Although some recent attempts have been made to offer a definition for benefit sharing (Schroeder 2007), a typology of different benefit-sharing arrangements (Nkhata et al. 2012), or a political framework for understanding access to benefits (Ribot and Peluso 2003), the conceptual underpinnings of benefit sharing remain weakly developed. We aim to help address this gap by presenting a new conceptual approach for enhancing understanding about benefit sharing, thereby influencing implementation. We use the coast as a lens through which the analysis is framed because of the increasing development and exploitation pressures on coastal systems, and the growing need to improve understanding about the way in which greater equity and reduced inequalities could reduce conflicts, protect coastal ecosystems, and ensure greater social justice. The framework has relevance and application for coastal livelihoods, rural governance, and resource sustainability in a context in which community rights are increasingly undermined through land grabbing, unequal power relations, and externally driven development interventions. We believe benefit sharing can be used as an approach to address some of these pressing challenges.

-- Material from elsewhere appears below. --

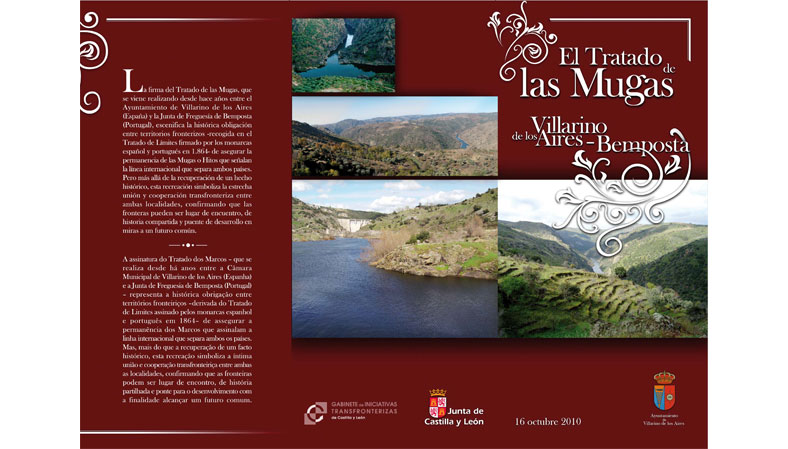 Folleto bilingüe (español y portugués) informativo sobre los actos realizados el 16 de octubre del año 2010 en relación al Tratado de la firma de las Mugas, así como información histórica sobre dicho Tratado.

Although we base our work on economic activities in coastal areas, we believe the overall framework may also be appropriate for other contexts. We ground our framework on a 3-yr project in southern Africa (2009–2011) that undertook detailed case-study research in six sites: the communities of Josina Machel, Conguiana, and Gala in Mozambique, and Sokhulu, Mbonambi, and Mankosi in South Africa. All are marginalized or poor communities reliant on coastal resources, and most are involved in diverse initiatives by the state, community, nongovernmental organizations (NGOs) and/or the private sector that aim to redistribute benefits. Our unit of analysis was at the community level, and was focused on deepening understanding about community perspectives of benefits and losses arising from different initiatives. We conducted 514 household surveys, 44 focus groups, and 47 key informant interviews, investigating the extent to which rural communities benefit from use of coastal resources, the approaches used to distribute benefits, and governance arrangements that enable or constrain more equitable benefit sharing. We explored a diversity of arrangements and investigated three sectors: fisheries, mining, and tourism. We also examined interactions of benefits and losses among sectors. We used both qualitative and quantitative methods in our analysis, preferring a mixed-method approach to reveal benefit-sharing perceptions, practices, and trends at the community level in particular. The empirical work informing the conceptual framework is presented in Wynberg and Hauck (2014).

COASTAL AREAS AS A LENS ON BENEFIT SHARING

Coastal ecosystems, which we define as coastal lands, areas where freshwater and saltwater mix, and near-shore marine areas (Agardy et al. 2005), are vital for communities in developing countries, many of whom live in abject poverty. Not only do they provide direct benefits such as jobs, food, fuel wood, medicines, building materials, and ornamental products (Wilson et al. 2004, Agardy et al. 2005, Brown et al. 2008) but they also deliver a host of sometimes intangible social benefits such as greater food security and social cohesion, as well as the higher level of well-being ascribed to living along the coast (Wilson et al. 2004).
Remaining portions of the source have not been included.